Athvance has been described as a provider of patient, flexible capital. How does that philosophy inform how you think about potential exit pathways, and what does a successful outcome look like for Athvance and the assets you invest in?
Patient capital changes the entire conversation about exits, because we’re not obligated to sell. Our evergreen structure means we can hold an asset for as long as it keeps compounding, and that alignment is felt by founders on day one – they know we’re not going to force a sale into a weak window just because a fund clock ran out. When exits happen, they should happen because it’s genuinely the right moment for that asset and its people, not because our structure demands it. Flexibility works the same way on entry: majority or minority, lead or co-invest, we shape the instrument around what the situation needs rather than forcing every deal into one template. A successful outcome, for us, is an asset that’s meaningfully more valuable and more professional than when we arrived – better monetised, wider reach, stronger community – with the founder’s original vision intact.

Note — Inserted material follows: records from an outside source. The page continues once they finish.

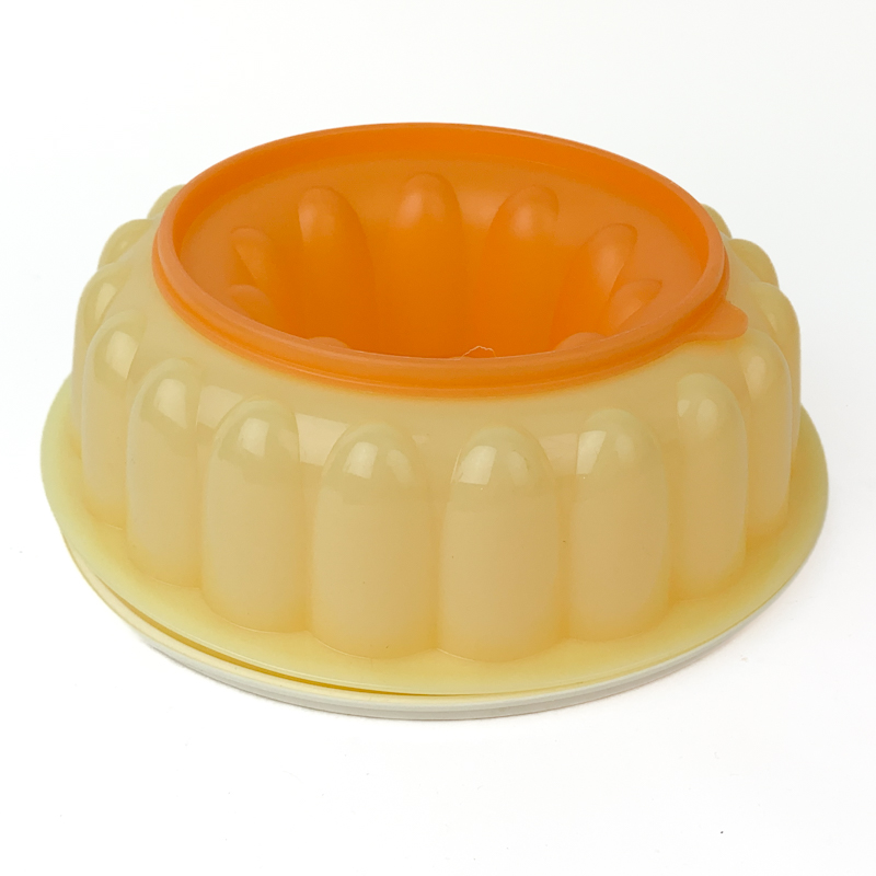 Originale Retro-Puddingform von Tupperware in Gelb mit orangefarbenem Mittelteil und weißem Deckel.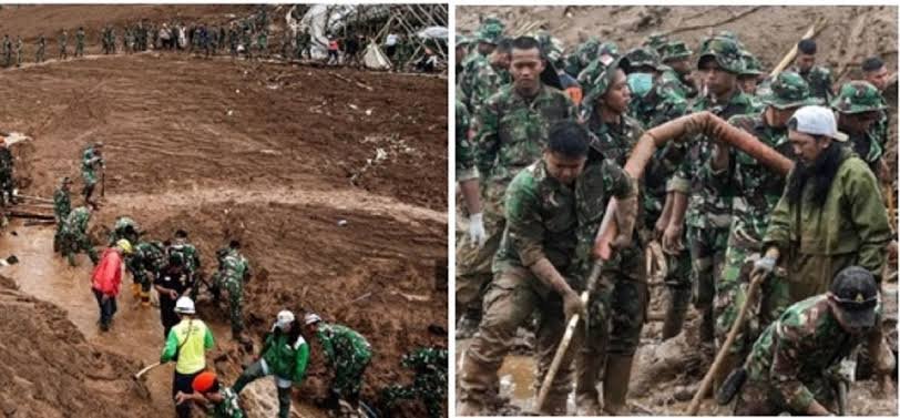 Dikatakan, hujan lebat yang mengguyur selama hampir 2 malam, diduga kuat pemicu terjadinya bencana longsor. Hal itu menimpa satu desa yang kebetulan ada prajurit Marinir sedang berlatih.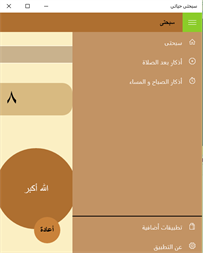 هذا البرنامج يعمل كسبحة ألكترونية و يوجد به أذكار الصباح و المساء و أذكار بعد الصلوات و بعض التسابيح اليومية

More broadly, what does success look like for Athvance in both the immediate and longer term?
Success is really about validation of the model, and we are already seeing it on two fronts.
The first is investor appetite. We closed €60M in 2025 but the more telling signal is who’s leaning in. We are having energising conversations with US institutional investors – family offices and sports-focused funds who know this space intimately – and the reason it resonates is the operating model. American capital has watched sport get priced to perfection at the top and is actively looking for a differentiated, operator-led way in. An evergreen platform that builds value inside assets rather than betting on multiple expansion is exactly the exposure they’ve been trying to find in Europe, and don’t have a domestic equivalent for.
The second front is the deals themselves. Every property we enter is a proof point – each one demonstrates that the infrastructure genuinely lifts the asset and that the playbook repeats. So in the immediate term, success is that flywheel turning: strong dialogue with the right investors, a widening pipeline of the right properties, and each deal making the model more credible than the last. Longer term, it’s about being the partner of choice for the next generation of sports assets – the first call a serious founder makes, and the reference point for how sport gets professionalised outside the trophy tier. If in a few years our properties are category leaders, our investors have compounded alongside us, and the platform is proving itself deal after deal rather than on a single bet – that’s success.